** Recorded data **
++++++

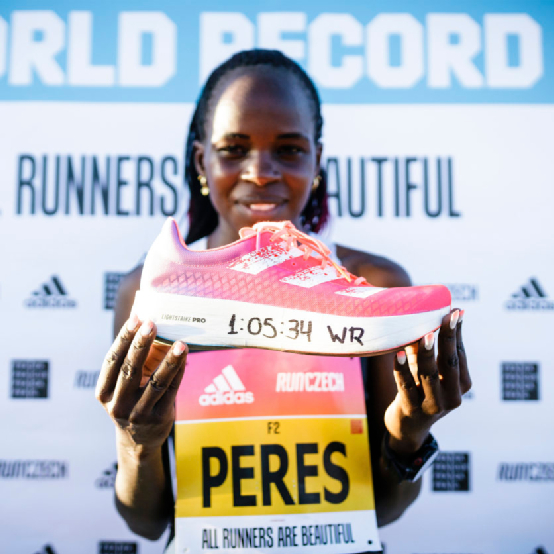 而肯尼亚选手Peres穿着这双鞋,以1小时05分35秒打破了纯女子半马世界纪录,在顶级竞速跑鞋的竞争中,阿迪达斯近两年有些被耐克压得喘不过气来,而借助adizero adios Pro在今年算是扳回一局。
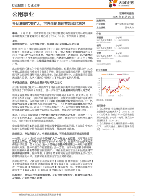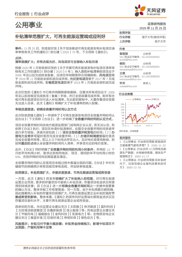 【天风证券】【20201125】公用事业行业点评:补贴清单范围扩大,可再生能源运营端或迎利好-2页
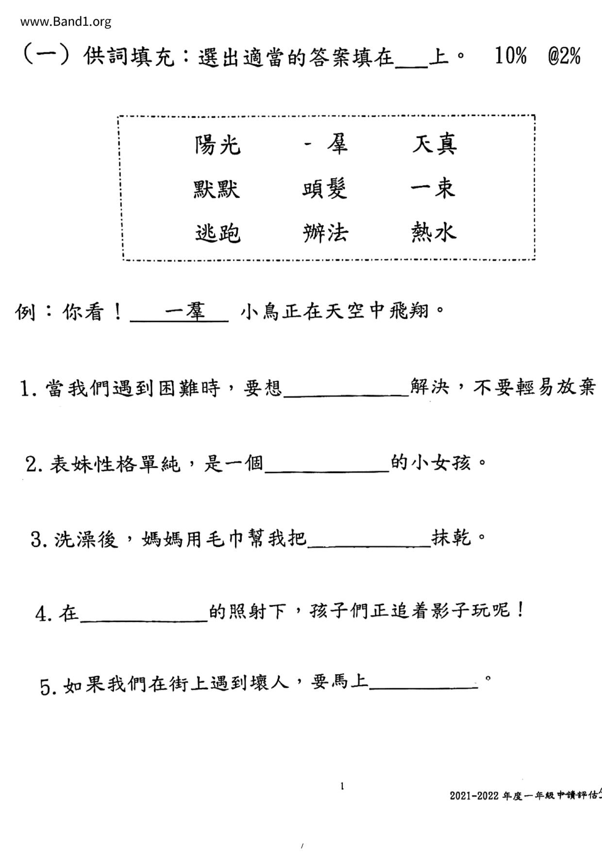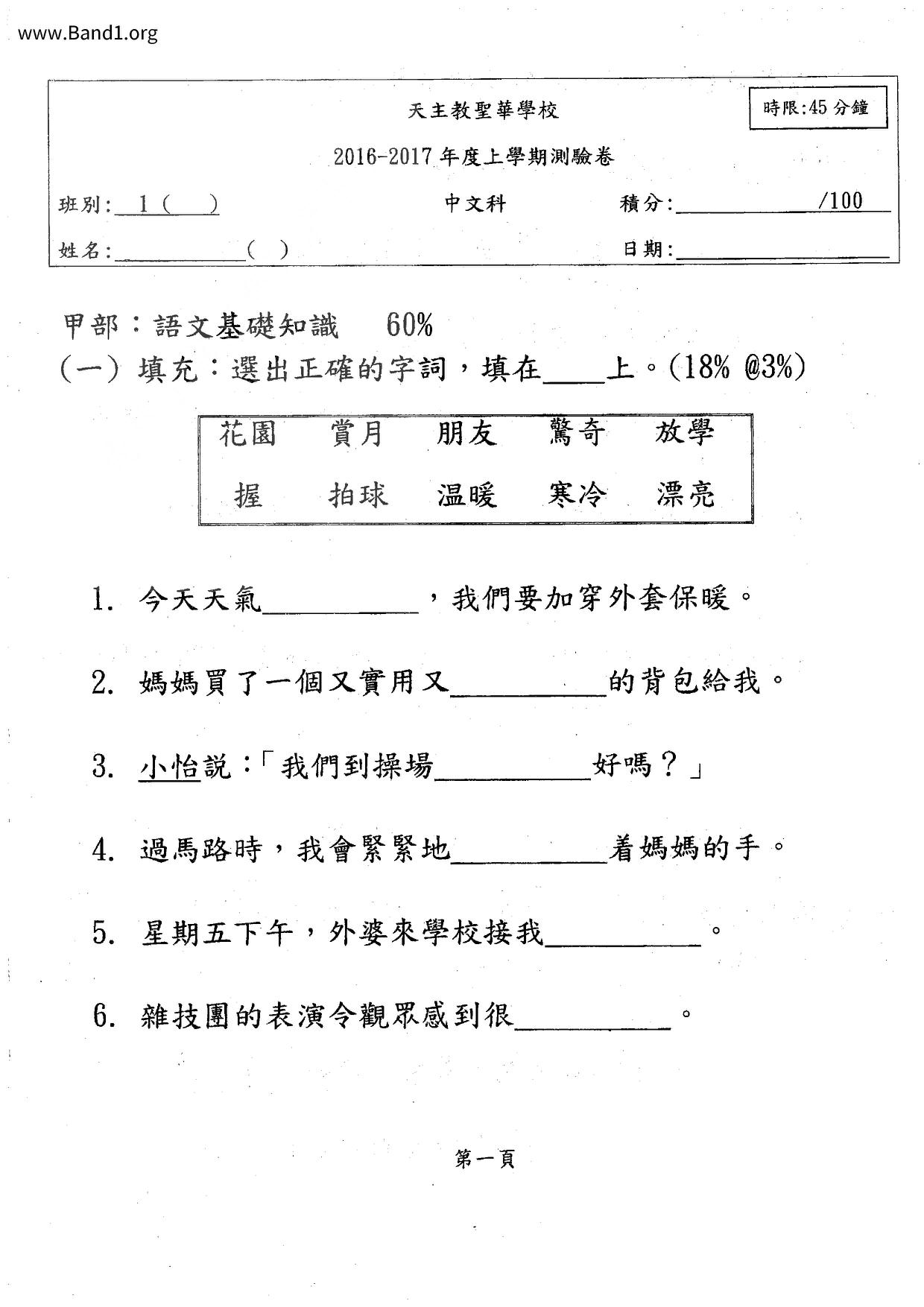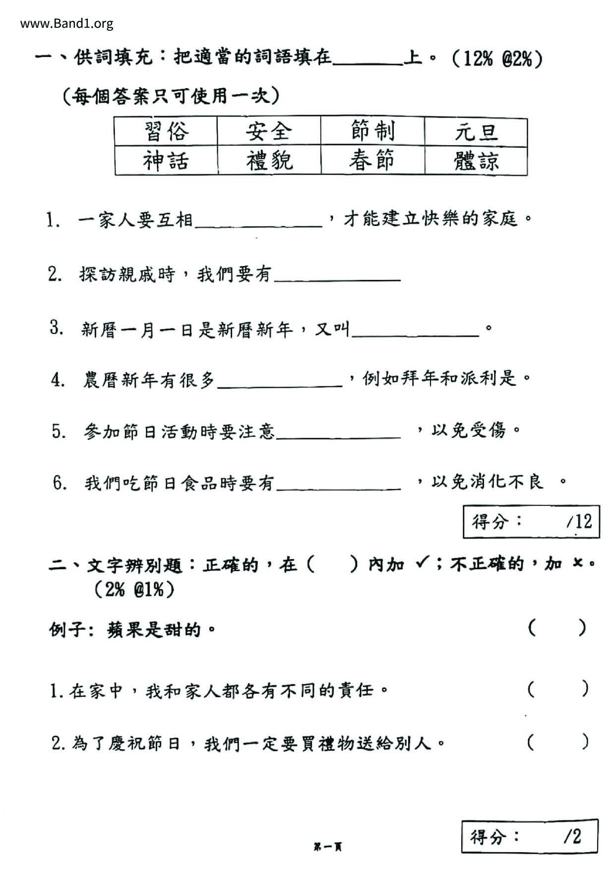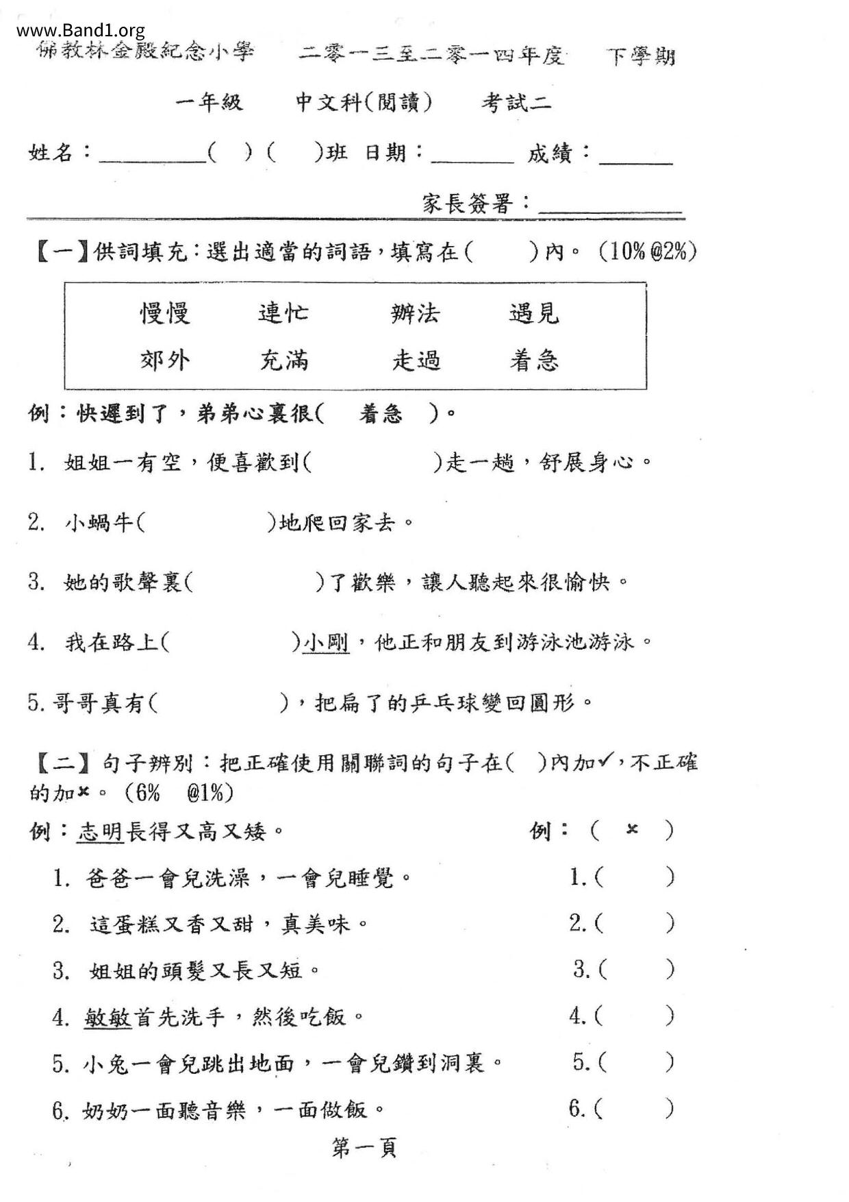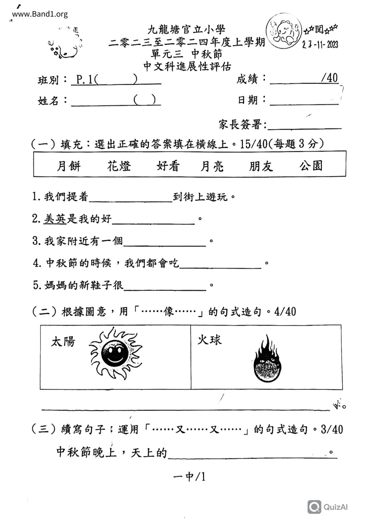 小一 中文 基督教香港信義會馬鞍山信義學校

++++++

** Task description **
Return every line above verbatim, pictures excluded.

** Result for this task **
 而肯尼亚选手Peres穿着这双鞋,以1小时05分35秒打破了纯女子半马世界纪录,在顶级竞速跑鞋的竞争中,阿迪达斯近两年有些被耐克压得喘不过气来,而借助adizero adios Pro在今年算是扳回一局。
 【天风证券】【20201125】公用事业行业点评:补贴清单范围扩大,可再生能源运营端或迎利好-2页
 小一 中文 基督教香港信義會馬鞍山信義學校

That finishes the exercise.